Material provided:
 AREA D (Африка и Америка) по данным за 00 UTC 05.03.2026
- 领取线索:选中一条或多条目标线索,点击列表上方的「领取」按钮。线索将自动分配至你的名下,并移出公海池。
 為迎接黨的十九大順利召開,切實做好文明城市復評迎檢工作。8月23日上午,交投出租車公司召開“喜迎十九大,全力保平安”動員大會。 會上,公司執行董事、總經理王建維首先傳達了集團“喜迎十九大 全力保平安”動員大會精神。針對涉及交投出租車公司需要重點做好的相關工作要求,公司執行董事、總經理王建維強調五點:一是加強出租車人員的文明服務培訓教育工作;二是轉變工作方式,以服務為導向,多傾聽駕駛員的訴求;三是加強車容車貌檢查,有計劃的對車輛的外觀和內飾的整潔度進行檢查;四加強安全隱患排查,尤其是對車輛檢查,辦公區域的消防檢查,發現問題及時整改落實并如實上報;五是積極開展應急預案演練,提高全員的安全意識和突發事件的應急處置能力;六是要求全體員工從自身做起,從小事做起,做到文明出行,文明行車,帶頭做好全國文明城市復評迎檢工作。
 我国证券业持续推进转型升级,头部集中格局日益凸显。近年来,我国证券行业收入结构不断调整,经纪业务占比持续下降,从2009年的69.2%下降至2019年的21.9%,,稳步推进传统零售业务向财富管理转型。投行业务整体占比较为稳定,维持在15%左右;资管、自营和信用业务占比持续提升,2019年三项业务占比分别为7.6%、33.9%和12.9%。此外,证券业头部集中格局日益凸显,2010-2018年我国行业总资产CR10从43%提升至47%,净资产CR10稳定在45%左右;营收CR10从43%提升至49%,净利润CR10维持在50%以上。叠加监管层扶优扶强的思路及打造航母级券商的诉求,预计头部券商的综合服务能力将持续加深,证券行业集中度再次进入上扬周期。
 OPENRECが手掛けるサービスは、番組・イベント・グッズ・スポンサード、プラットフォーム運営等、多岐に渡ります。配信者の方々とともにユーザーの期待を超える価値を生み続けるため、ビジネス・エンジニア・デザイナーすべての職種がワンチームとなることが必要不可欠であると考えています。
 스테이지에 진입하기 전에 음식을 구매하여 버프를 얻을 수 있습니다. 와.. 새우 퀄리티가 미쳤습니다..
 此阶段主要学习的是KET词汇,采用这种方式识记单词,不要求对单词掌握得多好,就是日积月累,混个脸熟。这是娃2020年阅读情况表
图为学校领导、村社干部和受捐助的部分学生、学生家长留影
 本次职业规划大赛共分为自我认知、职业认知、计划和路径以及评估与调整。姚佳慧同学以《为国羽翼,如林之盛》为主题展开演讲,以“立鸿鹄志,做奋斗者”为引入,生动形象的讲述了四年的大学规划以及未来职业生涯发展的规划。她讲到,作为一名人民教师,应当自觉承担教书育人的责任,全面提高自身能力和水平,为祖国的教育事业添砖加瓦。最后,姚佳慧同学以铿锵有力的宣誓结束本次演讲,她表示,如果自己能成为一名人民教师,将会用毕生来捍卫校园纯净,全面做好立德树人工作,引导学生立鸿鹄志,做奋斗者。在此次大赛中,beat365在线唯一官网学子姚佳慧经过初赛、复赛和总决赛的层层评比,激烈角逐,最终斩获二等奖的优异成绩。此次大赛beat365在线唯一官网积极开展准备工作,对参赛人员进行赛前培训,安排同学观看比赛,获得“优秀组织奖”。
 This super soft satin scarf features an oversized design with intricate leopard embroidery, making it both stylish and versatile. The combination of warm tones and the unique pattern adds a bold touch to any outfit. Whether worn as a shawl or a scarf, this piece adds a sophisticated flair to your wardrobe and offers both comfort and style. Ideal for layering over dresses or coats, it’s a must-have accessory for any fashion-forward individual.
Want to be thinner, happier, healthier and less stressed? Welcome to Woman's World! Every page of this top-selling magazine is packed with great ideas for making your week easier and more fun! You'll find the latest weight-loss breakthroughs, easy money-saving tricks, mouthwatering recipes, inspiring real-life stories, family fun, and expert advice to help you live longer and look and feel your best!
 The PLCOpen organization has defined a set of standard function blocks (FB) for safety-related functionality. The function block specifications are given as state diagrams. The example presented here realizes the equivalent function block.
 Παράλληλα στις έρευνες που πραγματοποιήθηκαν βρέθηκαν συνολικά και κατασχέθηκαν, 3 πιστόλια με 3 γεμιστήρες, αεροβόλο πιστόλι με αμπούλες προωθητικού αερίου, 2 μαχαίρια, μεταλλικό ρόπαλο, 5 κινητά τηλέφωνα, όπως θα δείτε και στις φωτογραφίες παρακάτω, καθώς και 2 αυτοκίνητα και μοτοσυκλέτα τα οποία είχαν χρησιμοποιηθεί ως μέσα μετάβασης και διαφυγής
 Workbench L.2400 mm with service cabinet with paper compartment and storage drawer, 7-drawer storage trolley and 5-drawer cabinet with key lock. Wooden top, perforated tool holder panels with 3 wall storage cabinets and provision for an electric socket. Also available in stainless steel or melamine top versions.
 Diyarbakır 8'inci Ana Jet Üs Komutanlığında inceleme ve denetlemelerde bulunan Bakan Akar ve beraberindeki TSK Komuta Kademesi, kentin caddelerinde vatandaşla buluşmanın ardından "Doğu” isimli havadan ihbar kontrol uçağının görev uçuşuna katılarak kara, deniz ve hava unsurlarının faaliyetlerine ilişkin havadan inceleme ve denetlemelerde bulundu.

Activity:
Exactly as they stand, please print the lines from the first line of the records above down to the line that includes "图为学校领导、村社干部和受捐助的部分学生、学生家长留影", both of those included and no others.

Answer space:
 AREA D (Африка и Америка) по данным за 00 UTC 05.03.2026
- 领取线索:选中一条或多条目标线索,点击列表上方的「领取」按钮。线索将自动分配至你的名下,并移出公海池。
 為迎接黨的十九大順利召開,切實做好文明城市復評迎檢工作。8月23日上午,交投出租車公司召開“喜迎十九大,全力保平安”動員大會。 會上,公司執行董事、總經理王建維首先傳達了集團“喜迎十九大 全力保平安”動員大會精神。針對涉及交投出租車公司需要重點做好的相關工作要求,公司執行董事、總經理王建維強調五點:一是加強出租車人員的文明服務培訓教育工作;二是轉變工作方式,以服務為導向,多傾聽駕駛員的訴求;三是加強車容車貌檢查,有計劃的對車輛的外觀和內飾的整潔度進行檢查;四加強安全隱患排查,尤其是對車輛檢查,辦公區域的消防檢查,發現問題及時整改落實并如實上報;五是積極開展應急預案演練,提高全員的安全意識和突發事件的應急處置能力;六是要求全體員工從自身做起,從小事做起,做到文明出行,文明行車,帶頭做好全國文明城市復評迎檢工作。
 我国证券业持续推进转型升级,头部集中格局日益凸显。近年来,我国证券行业收入结构不断调整,经纪业务占比持续下降,从2009年的69.2%下降至2019年的21.9%,,稳步推进传统零售业务向财富管理转型。投行业务整体占比较为稳定,维持在15%左右;资管、自营和信用业务占比持续提升,2019年三项业务占比分别为7.6%、33.9%和12.9%。此外,证券业头部集中格局日益凸显,2010-2018年我国行业总资产CR10从43%提升至47%,净资产CR10稳定在45%左右;营收CR10从43%提升至49%,净利润CR10维持在50%以上。叠加监管层扶优扶强的思路及打造航母级券商的诉求,预计头部券商的综合服务能力将持续加深,证券行业集中度再次进入上扬周期。
 OPENRECが手掛けるサービスは、番組・イベント・グッズ・スポンサード、プラットフォーム運営等、多岐に渡ります。配信者の方々とともにユーザーの期待を超える価値を生み続けるため、ビジネス・エンジニア・デザイナーすべての職種がワンチームとなることが必要不可欠であると考えています。
 스테이지에 진입하기 전에 음식을 구매하여 버프를 얻을 수 있습니다. 와.. 새우 퀄리티가 미쳤습니다..
 此阶段主要学习的是KET词汇,采用这种方式识记单词,不要求对单词掌握得多好,就是日积月累,混个脸熟。这是娃2020年阅读情况表
图为学校领导、村社干部和受捐助的部分学生、学生家长留影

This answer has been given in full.